#### What you will do
From top to bottom, write out the listing exactly and skip every picture.

#### Provided data
Content starts
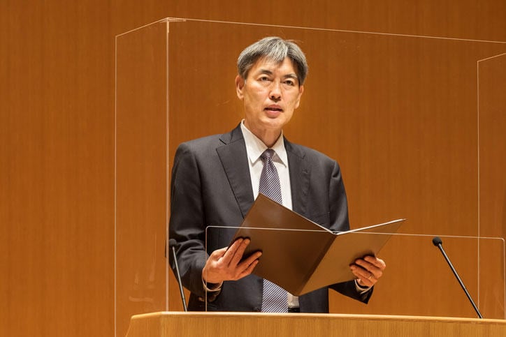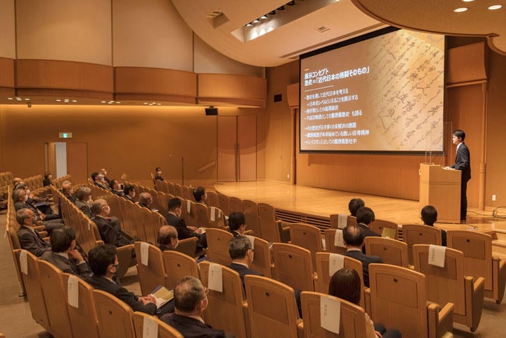 開館式では伊藤公平塾長と、慶應義塾史展示館館長を務める平野隆商学部教授による挨拶に続き、同副館長の都倉武之福澤研究センター准教授が慶應義塾史展示館について紹介する講演がありました。最後に岩谷十郎法学部長(8月から担当常任理事に就任予定)より閉式の挨拶がありました。
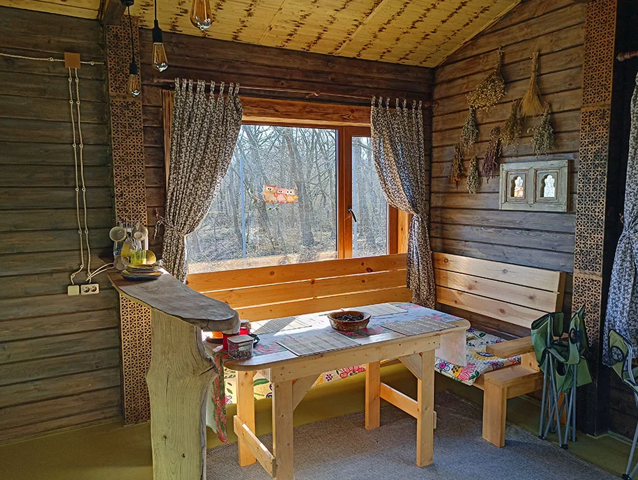 На территории базы есть русская баня из сосны с комнатой отдыха и видом на природу, которую топят натуральными дровами. К услугам гостей –– шатры, чайный дом, мангальная зона, костер и крытая веранда, на которых проходят мастер-классы, телесные практики и другие мероприятия. Также на базе есть собственная агроферма, на которой выращивают свежие овощи, ягоды и зелень, которые можно попробовать.
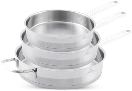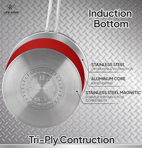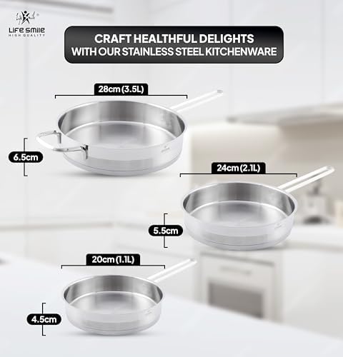 Experience cooking excellence with the LIFE SMILE Frying Pan Set, crafted from high-quality 18/10 stainless steel designed to last a lifetime. This set includes versatile pans sized 20 CM (1.1 liters), 24 CM (2.1 liters), and 28 CM (3.5 liters), perfect for everything from sautéing vegetables to frying steaks and simmering soups. The multi-layer construction ensures rapid and even heating with superior heat retention, so your meals cook evenly without hot spots.
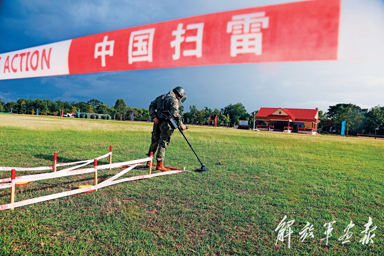 2023年9月,“純凈家園-2023”多國聯(lián)合掃雷行動在柬埔寨舉行。圖為綜合演練中,我方任務(wù)官兵進行信號源探測作業(yè)。(攝影/趙文環(huán))
Content ends
#### Written answer
 開館式では伊藤公平塾長と、慶應義塾史展示館館長を務める平野隆商学部教授による挨拶に続き、同副館長の都倉武之福澤研究センター准教授が慶應義塾史展示館について紹介する講演がありました。最後に岩谷十郎法学部長(8月から担当常任理事に就任予定)より閉式の挨拶がありました。
 На территории базы есть русская баня из сосны с комнатой отдыха и видом на природу, которую топят натуральными дровами. К услугам гостей –– шатры, чайный дом, мангальная зона, костер и крытая веранда, на которых проходят мастер-классы, телесные практики и другие мероприятия. Также на базе есть собственная агроферма, на которой выращивают свежие овощи, ягоды и зелень, которые можно попробовать.
 Experience cooking excellence with the LIFE SMILE Frying Pan Set, crafted from high-quality 18/10 stainless steel designed to last a lifetime. This set includes versatile pans sized 20 CM (1.1 liters), 24 CM (2.1 liters), and 28 CM (3.5 liters), perfect for everything from sautéing vegetables to frying steaks and simmering soups. The multi-layer construction ensures rapid and even heating with superior heat retention, so your meals cook evenly without hot spots.
 2023年9月,“純凈家園-2023”多國聯(lián)合掃雷行動在柬埔寨舉行。圖為綜合演練中,我方任務(wù)官兵進行信號源探測作業(yè)。(攝影/趙文環(huán))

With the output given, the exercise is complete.